Dispelling myths – Strongest support for AOT comes from people who could be saved by it

A commonly propagated myth in the mental health community is that people with severe mental illnesses oppose assisted treatment. In fact, some of the most articulate advocacy on this subject comes from people who have experienced the devastating consequences of untreated mental illness. Advocates like Jonathan Stanley, Valerie Fox, Donnie Buchanan, and Austin Mardon support interventions like assisted outpatient treatment (AOT) because they want to know that if they lose insight into their illness and begin to deteriorate, their families will be able to help them.

Mr. Mardon said it so well in his op-ed in the Edmonton Journal this week:
I live in constant fear of what will happen to me if I become extremely ill again. I am comforted knowing that if I become so ill that I can no longer understand the need for treatment, my wife and family will be able to legally get me the help I need.

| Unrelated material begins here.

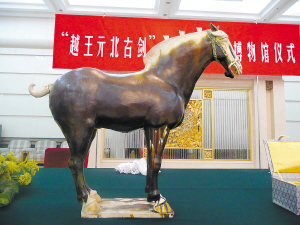 单霁翔在讲话中表示,此次入藏海南省博物馆的三件文物,都属于国家近年来从海外巨资征集的珍贵文物中历史、艺术、科学价值最突出的藏品,如“越王亓北古剑”以复合金属嵌铸剑身,是国内同类越王剑中仅有孤品,唐三彩马和宋青白釉花口凤首壶,则分别代表了唐宋时期我国陶瓷工艺水平,相信这些文物将丰富海南省博物馆馆藏,提升海南省博物馆陈列水平,使该馆成为海南省文化建设的亮点和名片,为建设国际旅游岛的文化品牌发挥积极作用。
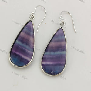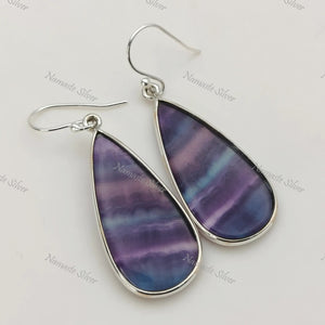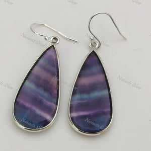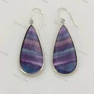 Elevate your style with these exquisite fluorite dangle drop earrings, meticulously handcrafted from 925 sterling silver. Each pair features natural, pear-shaped fluorite gemstones, designed to dangle gracefully and add a touch of minimalist elegance to any attire.

Those who are against enforced treatment do not seem to understand that even those who turn their backs on the beneficial and appropriate treatment they could be receiving from their health providers, will receive some type of treatment.

The tragedy is that instead of receiving appropriate treatment from their physicians, they could receive inappropriate treatment at the hands of the criminal justice system; the rough, hopeless treatment of lives lived on the streets; or the finality of treatment at the hands of a mortician.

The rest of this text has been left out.